This book is based on my Ph.D. dissertation at the European University


Institute in Florence, written between 1991 and 1995. I would like to
express my gratitude to all the people who supported me at that period:
many thanks to Robert Waldmann who has acted with great sensibility as a
supervisor; the History Department at the Institute, and especially Peter
Hertner, Albert Carrerras and Kirti Chaudhuri, who have always been
interested in my research; William Kennedy, who kindly provided me with
useful comments and encouragement; and last, but not least, Maurice Levy
Leboyer who, through written exchanges, enabled me to form a new opinion
on the personality and position of the Péreire brothers in nineteenth-century
financial circles.
My research led me to collect data in Paris. I am grateful to the personnel
of the Paris Archives for their contribution to this work.
Much of what follows is based on a simple idea: the Crédit Mobilier and
its founders, the Péreires, failed because they encountered difficulties that
were due more to external constraints than is usually acknowledged. In other
words, environment matters. My own environment in the course of writing
the present book has been as follows. For several years Francesc Relaño has
endured my ramblings on the course of banking policy over the last century.
My parents have provided support during the most austere period of the
writing process.
My last thought is to dedicate this book to my brother, who will never
have the opportunity to read this piece.

To Patrick.

xiv
INTRODUCTION

Bankers and investors influence industrial investment through the financial


power they exert on the managers of firms. The purpose of this research is
to study the interrelations that exist between these managers, their
shareholders and the banks which finance investment projects when defining
a debt-equity contract. The subject will be approached from two diverse
perspectives: the first one is theoretical (Chapter 1), the second empirical
(Chapters 2, 3 and 4).
Theoretical arguments can be, and have been, advanced to describe how
the conflict of interest between managers and owners of firms can be solved.
The purpose of the first chapter is to survey the literature on principal-agent
theory and the signalling approach which concentrates on these questions. In
particular the power of banks will be debated. Two questions are considered:

• Why might banks want and be able to obtain the power to influence and
monitor managers?
• Why might shareholders benefit if the bank has such power?

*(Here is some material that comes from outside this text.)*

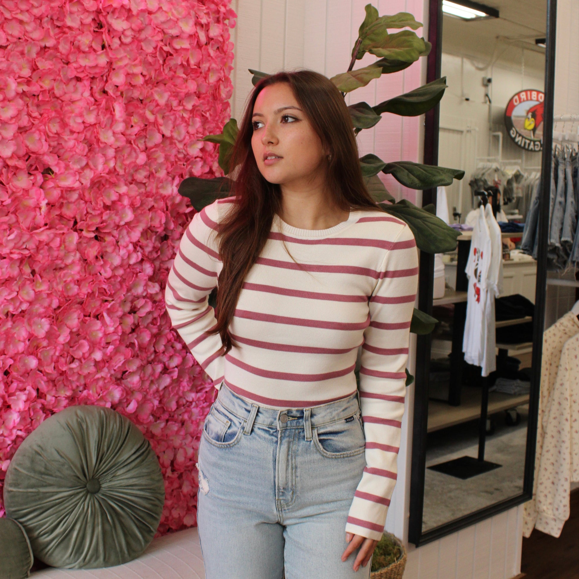The Mikayla Stripe Knit Bodysuit features a refined white and blue striped pattern crafted from a soft, breathable knit fabric. Designed for both comfort and style, this bodysuit offers a sleek fit that moves with you, making it ideal for layering or wearing alone. Its tailored construction ensures a flattering silhouette, while the durable knit material provides lasting wear throughout the day. Perfect for casual or polished looks, the Mikayla Stripe Knit Bodysuit combines timeless design with expert craftsmanship.

Agency and signalling theory are concerned with the information and
interest conflicts which can exist between the different economic actors
associated with the firm: managers, shareholders and creditors. This
theory holds that some agents (the managers) are better informed about
the quality of the enterprise than the principals (shareholders, creditors).
To resolve the conflict of interest, contracts (implicit or explicit) must be
negotiated between the lenders, the creditors, the shareholders and the
managers.
The term ‘agency’ derives from the fact that corporate decisions are
delegated to agents (e.g. managers) who act on behalf of other parties
(external investors). The relation between investment and debt is explained
by the choice between debt and equity for the financing of a project.
The signalling approach makes the assumption that there is asymmetric
information as between management and investors: the managers have
more information than the shareholders on the value of their enterprise.

1
THE ROLE OF BANKS IN MONITORING FIRMS

The problem is the accurate transmission of such information, to give


shareholders the incentive to finance productive projects.
Both approaches feature the monitoring role exerted by lenders on
borrowers: control remains one of the main factors of agency. The concept
of monitoring will presently be examined, focusing on the role of banks in
performing this control function. According to agency theory, the bank will
have less information about the project than the managers; the role of
collateral can be useful in dealing with the problem of adverse selection.
Adverse selection arises when lenders cannot distinguish managers of firms
who undertake low-risk projects from the ones who realise high-risk
projects. Then a contract that is optimal when offered to less risky
borrowers also attracts more risky borrowers and thus becomes unprofitable
to the lenders. The use of collateral constitutes one way to control this risk.
Several other tools will be discussed.
Two examples are presented to illustrate the argument: Japan and
Germany. The aim of this analysis will be to compare the conclusions
reached for these two countries with the results obtained for the Crédit
Mobilier.
Historians have argued that the influence exerted on industry by banks
such as the German Großbanken or the French Crédit Mobilier was
substantial during the nineteenth century. The role played by the
Großbanken—those banks which, like the Crédit Mobilier, took a great role
in the industrialisation of Germany—in monitoring and supervising
corporate management was an accepted part of German finance theory in the
years before the First World War.
The second step of my analysis is to gain, through empirical research, an
insight into the role of banks in the financing of enterprises during the
period 1850–1913. In particular, I study the Crédit Mobilier’s role in France
during the pre-WWI period. This bank, founded by the Péreires in 1852,
until it went bankrupt in 1867, contributed largely to French
industrialisation. It failed a second time at the beginning of 1900 and
merged in 1932 with the Banque de l’Union Parisienne.
The Crédit Mobilier has been chosen for two reasons:

• Its organisation was similar to that of the German Großbanken. The


comparison with these institutions can give some additional insight to
the results mentioned in the literature.
• As the bank went bankrupt, it will be interesting to analyse the impact
of this failure on the firms affiliated to it. If a real monitoring role were
exerted by the Crédit Mobilier, affiliated firms should have faced
difficulties when the bankruptcy occurred.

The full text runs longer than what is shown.